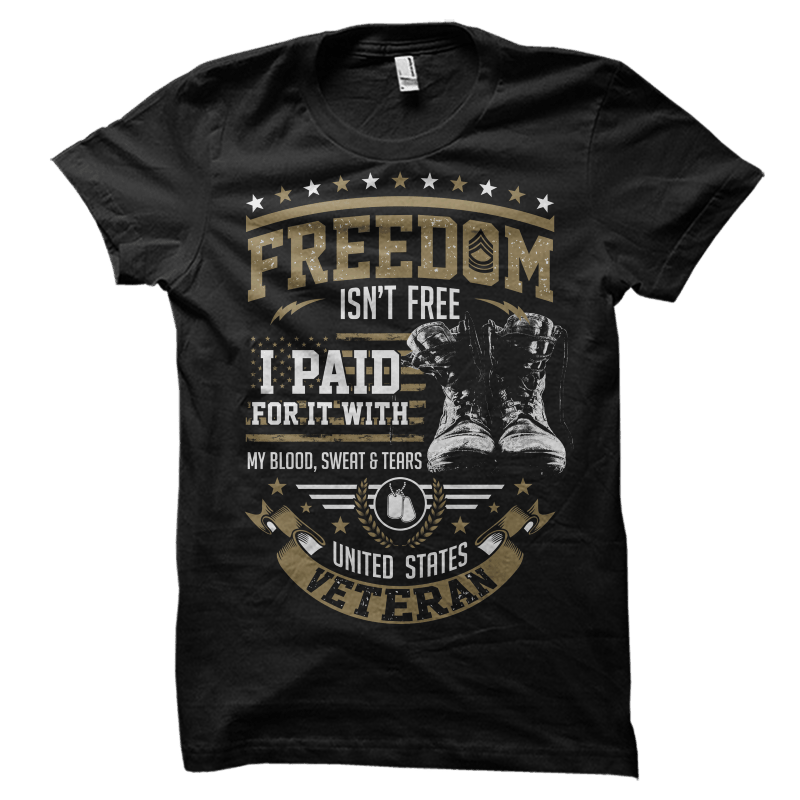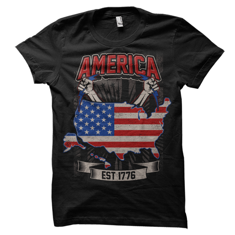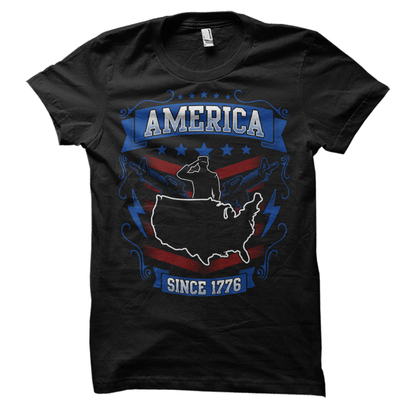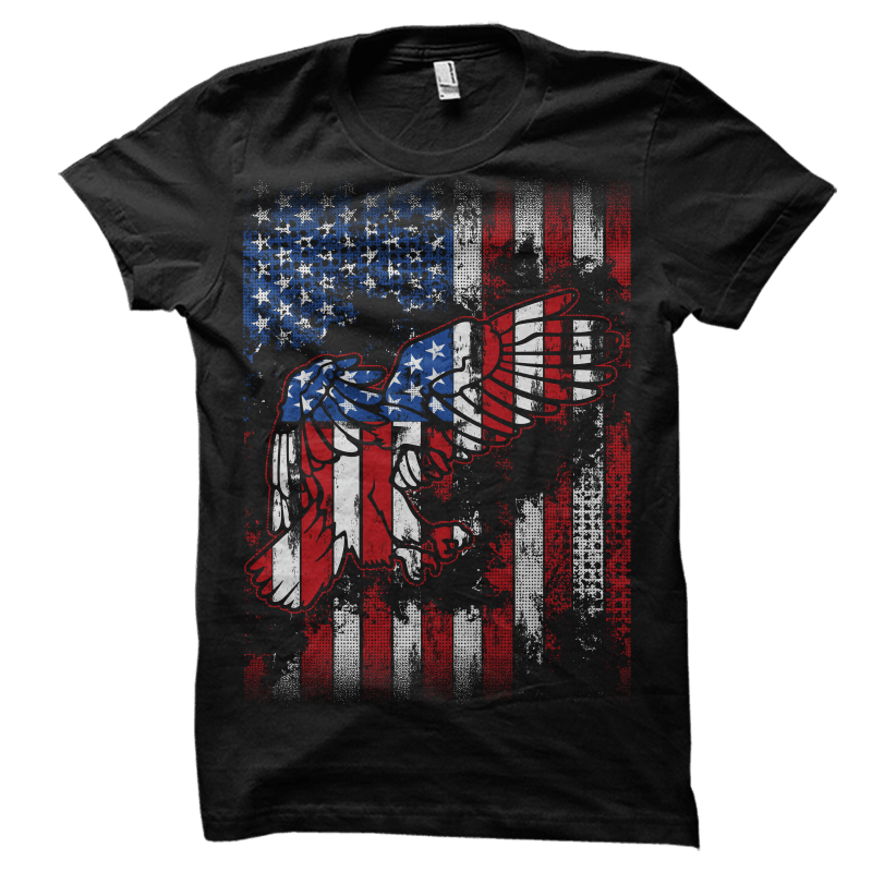 Check out this vector t-shirt designs collection, packed with neat american themed illustrations such as distressed & calligram flags, war veteran illustrations & quotes, red, white & blue colors, american quotes & many more design styles
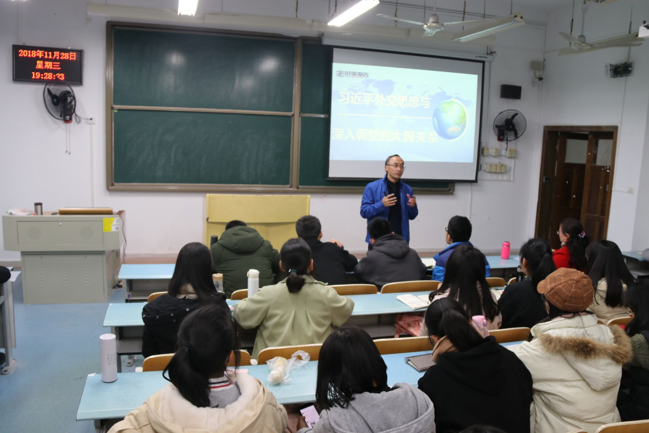 2018年11月28日晚,“习近平新时代中国特色社会主义思想”通选课在弘德楼15103教室继续进行第十讲。本次讲课由熊猫体育 党委书记刘军主讲,主题是“习近平外交思想与深入调整的大国关系”,讲座由思想政治理论课教研部主任孔庆茵副教授主持。
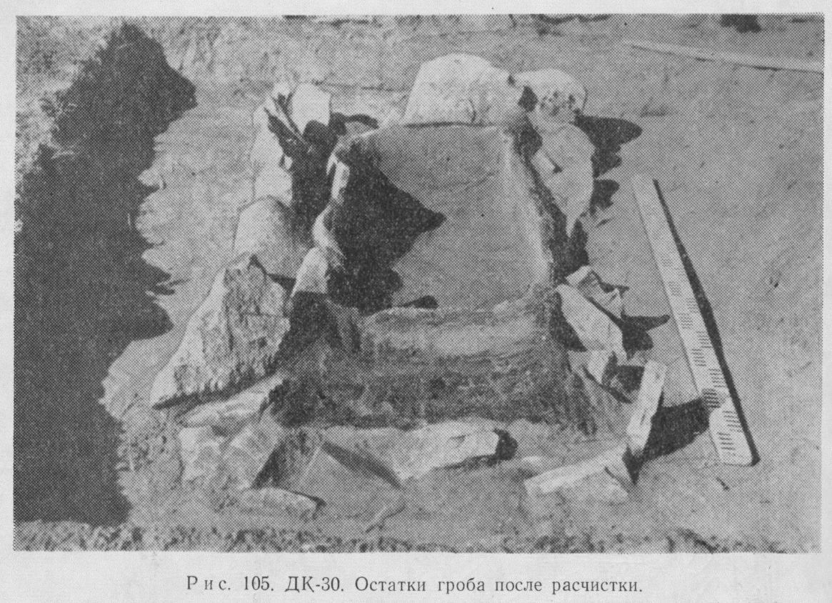 ^ Рис. 105. [стр. 140] ДК-30. Остатки гроба после расчистки.
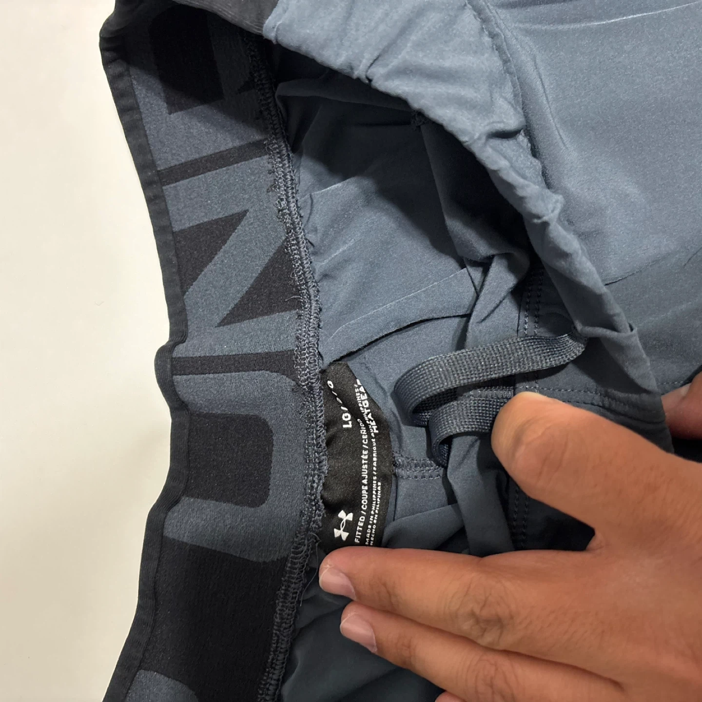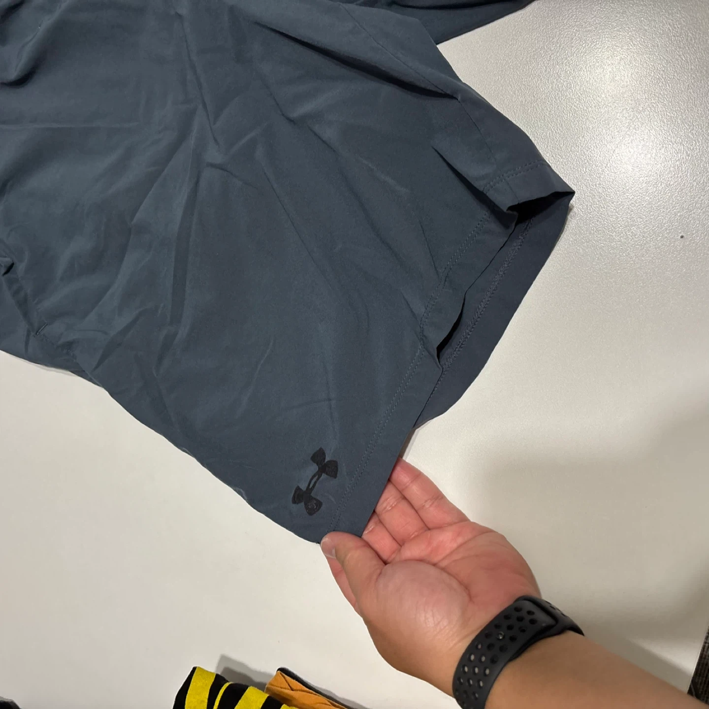 Under Armour men's grey athletic shorts. Size LG. They're made with a lightweight, quick-drying fabric and feature an elastic waistband with a drawstring. Perfect for workouts!

### Exercise brief
Set the listing down verbatim, excluding pictures.

### Solution to this task
 Check out this vector t-shirt designs collection, packed with neat american themed illustrations such as distressed & calligram flags, war veteran illustrations & quotes, red, white & blue colors, american quotes & many more design styles
 2018年11月28日晚,“习近平新时代中国特色社会主义思想”通选课在弘德楼15103教室继续进行第十讲。本次讲课由熊猫体育 党委书记刘军主讲,主题是“习近平外交思想与深入调整的大国关系”,讲座由思想政治理论课教研部主任孔庆茵副教授主持。
 ^ Рис. 105. [стр. 140] ДК-30. Остатки гроба после расчистки.
 Under Armour men's grey athletic shorts. Size LG. They're made with a lightweight, quick-drying fabric and feature an elastic waistband with a drawstring. Perfect for workouts!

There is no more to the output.